What concentration of silver chromate (Ksp = 9.0 x 10-12) will dissolve to make a saturated solution in water?

*For this one the formula is Ag2CrO4, which is [Ag]^2[CrO4]. I plugged x in for CrO4, so x^3 is equal to Ksp. I then got that x = 2.0e-4. However, that x is for CrO4, not for silver chromate. Is the answer for silver chromate just the Ksp value?*

Answered an earlier post.

To find the concentration of silver chromate that will dissolve to make a saturated solution, you need to use the solubility product constant (Ksp) and the stoichiometric relationship in the balanced equation for the solubility equilibrium.

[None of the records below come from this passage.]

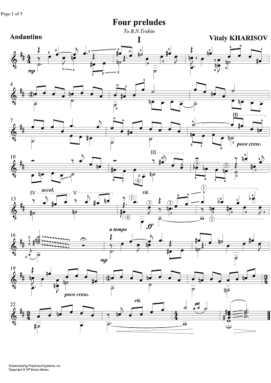 Digital Sheet Music for 4 Preludes by , Vitaly Kharisov scored for Guitar; id:326604
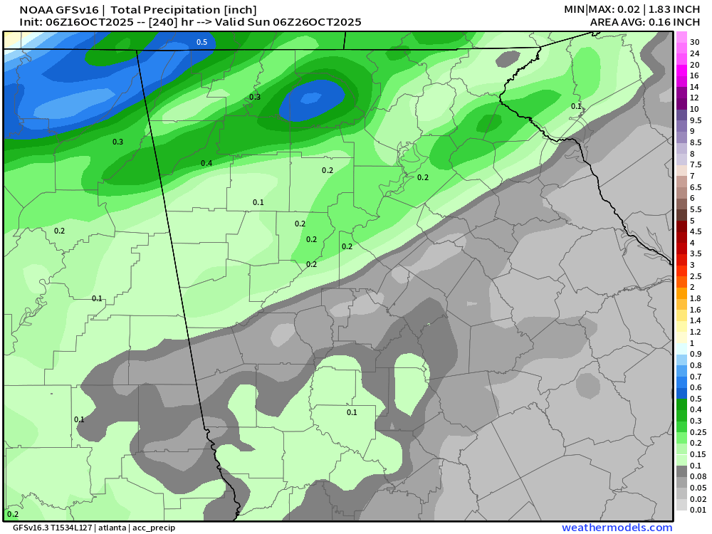 Much of South Hall, Forsyth, Banks and all of Jackson Counties are now in a D1, or moderate drought. Since last week’s update, no rain has fallen across the majority of the state. Some spots in Northwest Georgia did see some showers last Thursday, but since then the only rain has been along the coast. The image below shows the past 7 days of rainfall. Note the extremely high totals over central South Carolina where the drought was erased in that region.
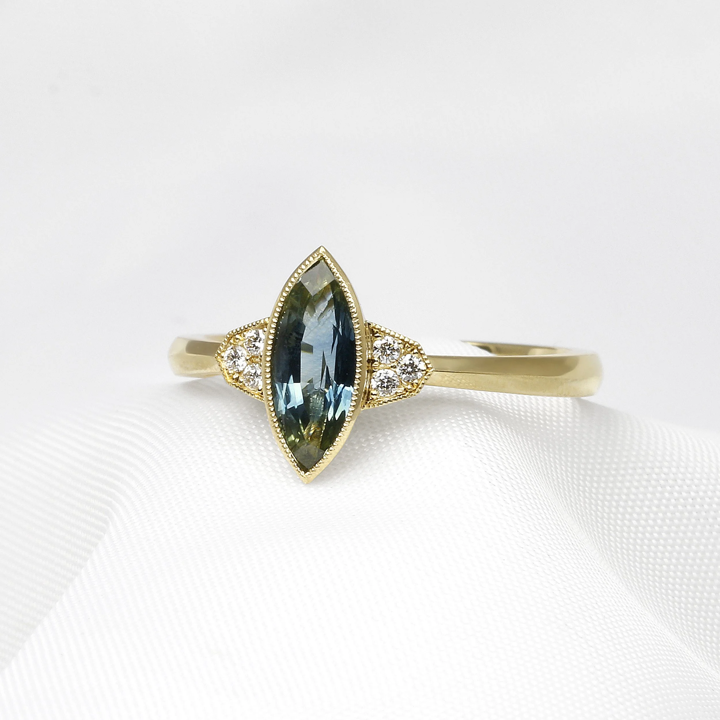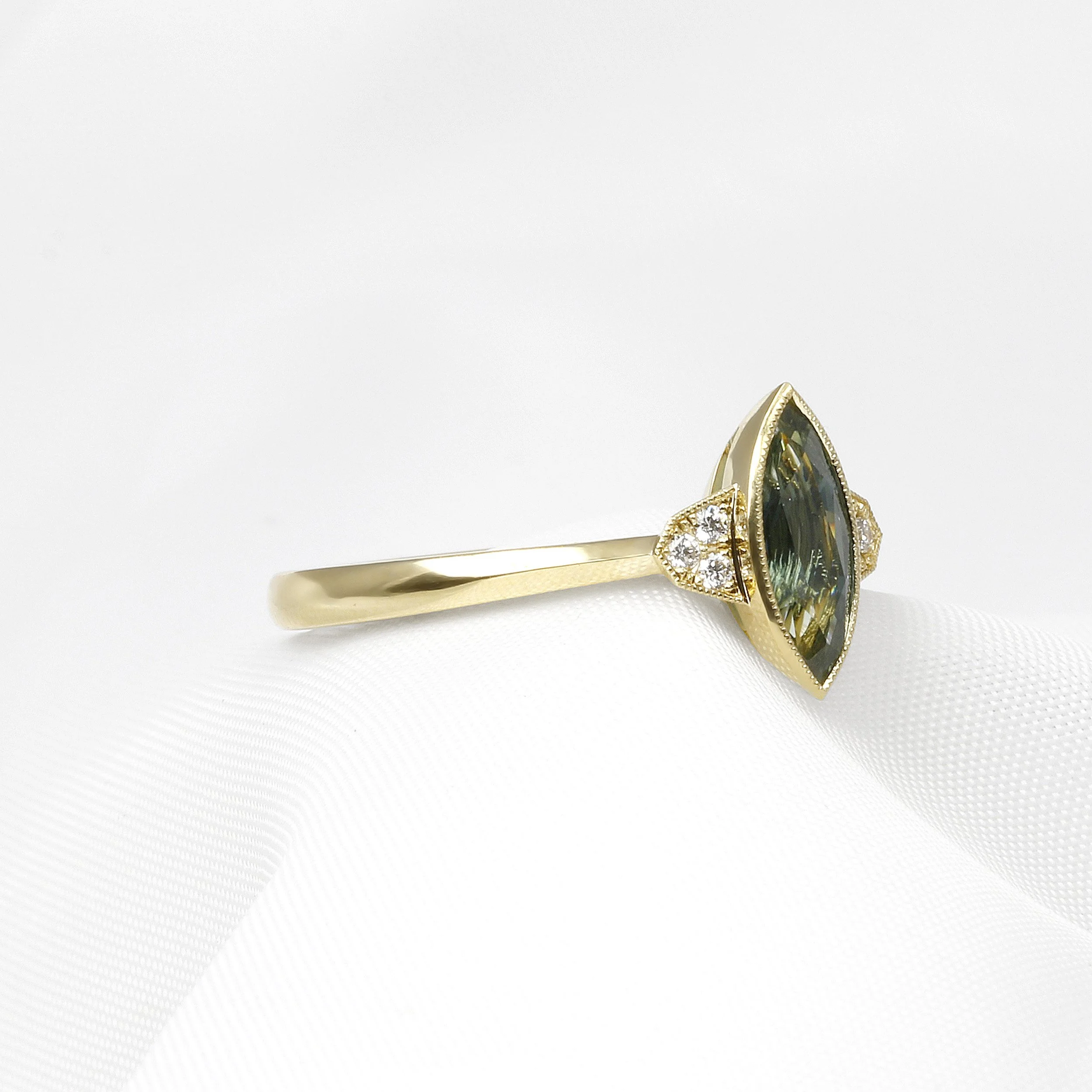 Parti-Green Sapphire & Diamond Ring in Yellow Gold

The balanced equation for the solubility equilibrium of silver chromate (Ag2CrO4) is:

Ag2CrO4(s) ⇌ 2Ag+(aq) + CrO4^2-(aq)

From this equation, we can see that each formula unit of silver chromate dissociates into two silver ions (Ag+) and one chromate ion (CrO4^2-).

Based on the equation, we can write the expression for the solubility product constant (Ksp) as:

Ksp = [Ag+]^2[CrO4^2-]

Given that the Ksp value for silver chromate is 9.0 x 10^(-12), this means that in a saturated solution, the product of the concentration of the silver ions squared and the concentration of the chromate ions must equal this value.

Plugging in the values into the equation, we get:

9.0 x 10^(-12) = [Ag+]^2[CrO4^2-]

Because the stoichiometric ratio between Ag+ and CrO4^2- is 2:1, we can substitute [CrO4^2-] by 2[Ag+]:

9.0 x 10^(-12) = [Ag+]^2(2[Ag+])

Rearranging the equation, we have:

[Ag+]^3 = (9.0 x 10^(-12))/(2)

[Ag+]^3 = 4.5 x 10^(-12)

To find the concentration ([Ag+]), we take the cube root of both sides:

[Ag+] = (4.5 x 10^(-12))^(1/3)

[Ag+] ≈ 1.57 x 10^(-4) M

Therefore, the concentration of silver ions in a saturated solution of silver chromate is approximately 1.57 x 10^(-4) M. This concentration applies specifically to the silver ions, not the entire silver chromate compound.